Para peneliti telah melakukan eksperimen, di mana mereka menggunakan pemblokir glutamat yang dikombinasi dengan kemoterapi hasilnya sangat baik. Bahkan mereka menyimpulkan, pemblokiran glutamat secara signifikan meningkatkan efektivitas obat obat anti kanker.
Memang, MSG ini menjadi kontrofersi sejak lama, bahkan di indonesia (ingat jaman Gus Dur), selain penelitian tentang bahaya penggunaan MSG buat tubuh, banyak juga statmen2 dari banyak ahli makanan yang kontradiktif mengatakan bahwa MSG ini aman dikonsumsi.
Seperti yang dilansir oleh US Food and Drug Administration (FDA), bahwa MSG aman digunakan pada makanan, secara tidak berlebihan.
Di indonesia sendiri, MSG ini masih digolongkan zat adiktif yang diperbolehkan. Pada perdebatan tentang MSG ini pernah dijawab oleh Pemerintah bahwa sesuai peraturan Mentri Kesehatan nomor 722 Tahun 1988, ada 16 jenis pengawet yang diperbolehkan, antara lain MSG dan pemanis buatan.
Pemerintah juga menentukan batas aman penggunaan MSG untuk tubuh yaitu maksimal 120 mg/kg berat badan perhari.
Untuk obyektifitas artikel saya ini, saya juga akan masukkan informasi lain, disini saya ambil pendapat dari Dekan Fakultas Ekologi Manusia IPB Prof. Dr. ir.

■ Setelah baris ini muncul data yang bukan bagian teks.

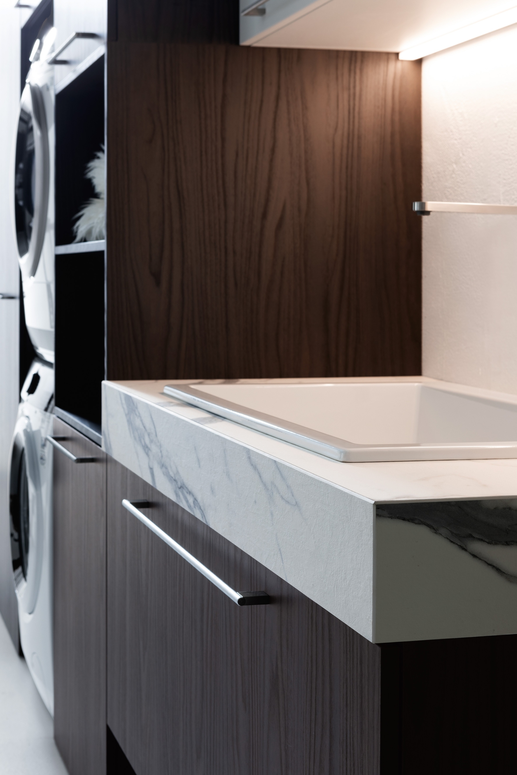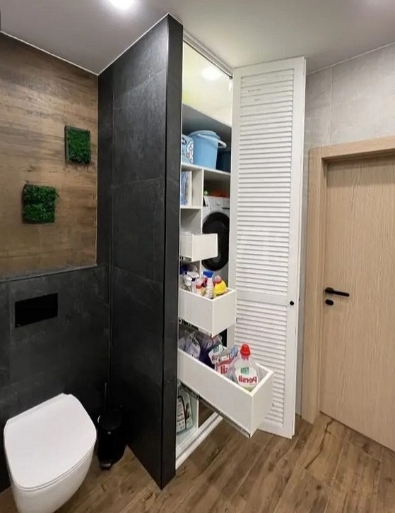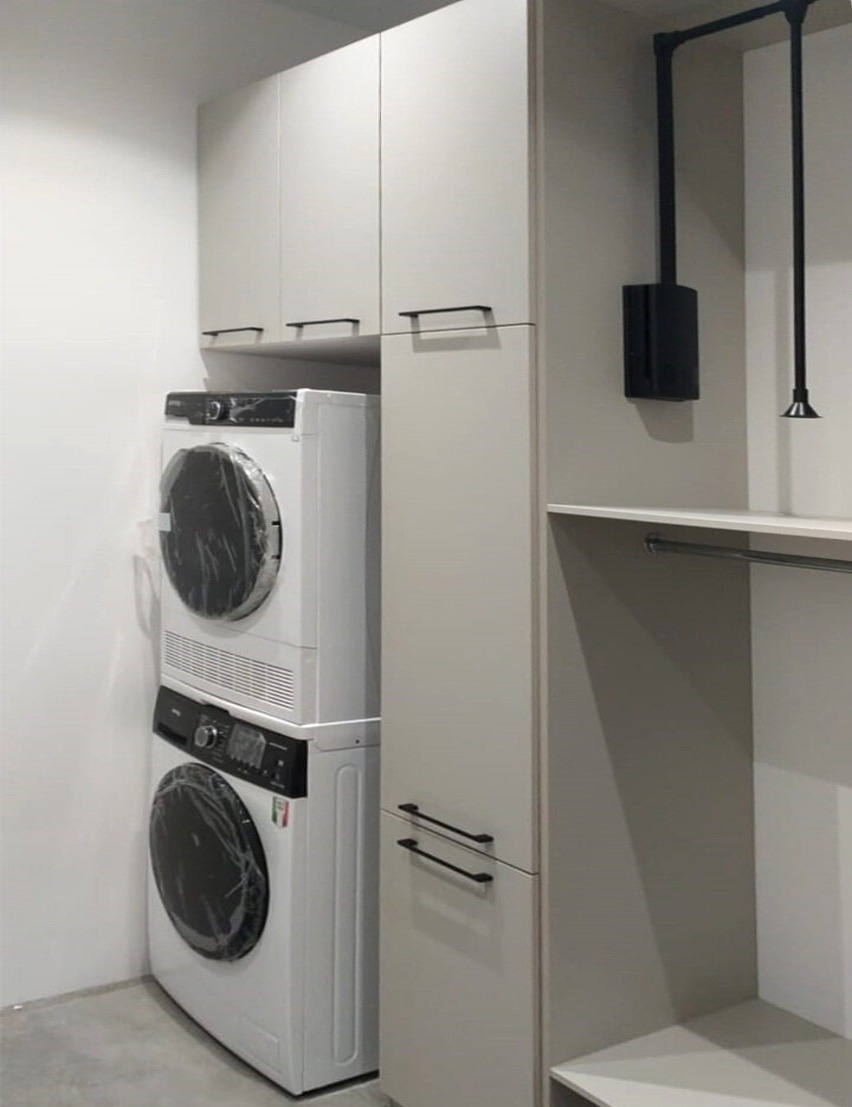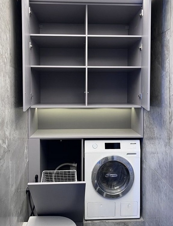 Встроенная мебель серого цвета для постирочной комнаты «Модель 1102»

Hardiansyah saat simposium Umami Dan Glutamat yang diadakan Ajinomoto dan IPB, mengatakan "Glutamat sebenarnya secara alami terdapat dalam tubuh kita dan juga bahan makanan."
Beliau juga menambahkan, bahwa kontroversi tentang MSG sebenarnya dimulai dari penelitian yang dilakukan pada hewan di laboraturium dengan dosis yang tidak relevan, dengan pemakaian sehari hari dalam masakan. Dalam menanggapi tentang pemicu kanker yang terdapat dalam mencit (tikus putih) dilaboraturium setelah pemberian MSG, Beliau mengatakan " Jelas saja menimbulkan dampak buruk karena mencit (tikus putih) disuntikkan MSG 200-500 gram setiap hari, sementara kita mengkonsumsi dengan cara mencampurnya dalam makanan, konsumsi 10 mg MSG setiap hari saja tidak mungkin."
Waoo...banyak sekali pendapat yang saling bertentangan ya ternyata.
Meski begitu, sekedar tahu saja, di tempat asalnya, Jepang, MSG yang berkadar 100 % sudah dilarang di jual bebas. Di jepang, saya ambil contoh produsen Ajinomoto, untuk mensuplai kebutuhan penyedap rasa masyarakat jepang sendiri, telah mengeluarkan produk yang bernama Aji-shio, apa ini? Aji-shio adalah campuran Garam dan MSG dengan perbandingan garam 90 % dan MSG 10 % saja, inilah yang sekarang dijual bebas di pasaran jepang sebagai penyedap rasa.
Bagi saya, hidup di tanah Indonesia adalah sebuah berkah tersendiri, dengan kekayaan bumbu, dan rempah yang beraneka macam, membuat saya tidak perlu lagi menggunakan tambahan zat adiktif untuk membuat cita rasa sedap kuliner olahan saya.Bagaimana dengan anda?